Dacogen already is approved as a treatment for myelodysplastic syndromes (MDS) in the US, an indication it won in May 2006.
The drug's safety profile in the AML population was similar to that of the MDS patients in the Phase III study.
But the firms said the FDA declined to approve the expanded indication in the AML population because the prespecified analysis of the primary endpoint in the DACO-016 study did not demonstrate statistically significant superiority of Dacogen over the control arm of low-dose cytarabine or best supportive care, although the drug showed a 2.7-month improvement in median overall survival, 7.7 months versus 5 months (scripintelligence, 8 February 2012).
The rejection from US regulators for Dacogen in the AML indication hardly came as a surprise, given that Dr Richard Pazdur, director of the FDA's Office of Hematology and Oncology Products, said at an advisory committee meeting last month that for a drug to be approved in the US, "one has to demonstrate clinical benefit."
"It is not just a demonstration for activity. The drug approval process is not a screening process for drug activity," Dr Pazdur told the FDA's Oncologic Drugs Advisory Committee (ODAC) at a 9 February 2012 meeting (scripintelligence, 10 February 2012).
Although the ODAC voted 10-3, with one abstention, against approval, some of the oncologists on the panel said they would nonetheless use Dacogen to treat newly diagnosed AML in patients 65 years or older who are not candidates for induction chemotherapy.
Treatment options for elderly patient with AML, a rapidly progressive disease, with a median survival ranging from 3.9 months for patients 65 to 74 years of age to 1.4 months for patients 85 or older, are limited.
Elderly patients with AML are often either not candidates for or choose not to receive standard induction chemotherapy.
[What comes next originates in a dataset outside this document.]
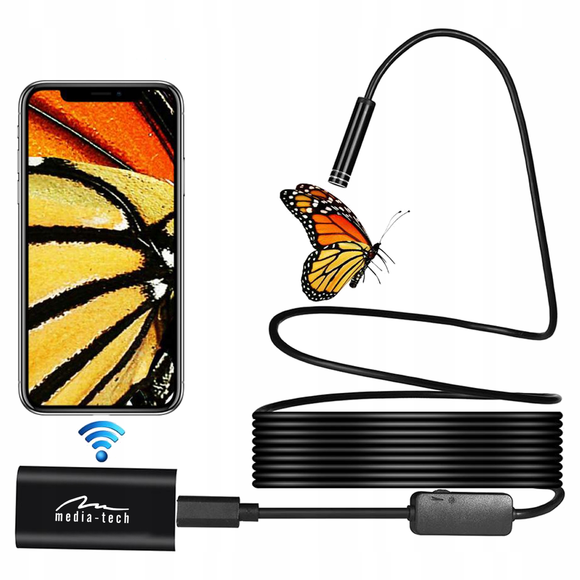 довгий (5 м) і гнучкий з'єднувальний кабель, дозволить ввести невелику інспекційну камеру (8 мм) у важкодоступне місце для отримання зображення на моніторі комп'ютера або екрані смартфона.е>

There currently are no approved therapies for AML patients who do not receive standard induction chemotherapy.
Astex noted that a separate marketing authorization application (MAA) for Dacogen as a treatment for AML was submitted to the European Medicines Agency in May 2011 by the Dublin, California-based biotech's partner Janssen, a Johnson & Johnson subsidiary.
The EMA is expected to issue a decision on the MAA later this year, Astex said.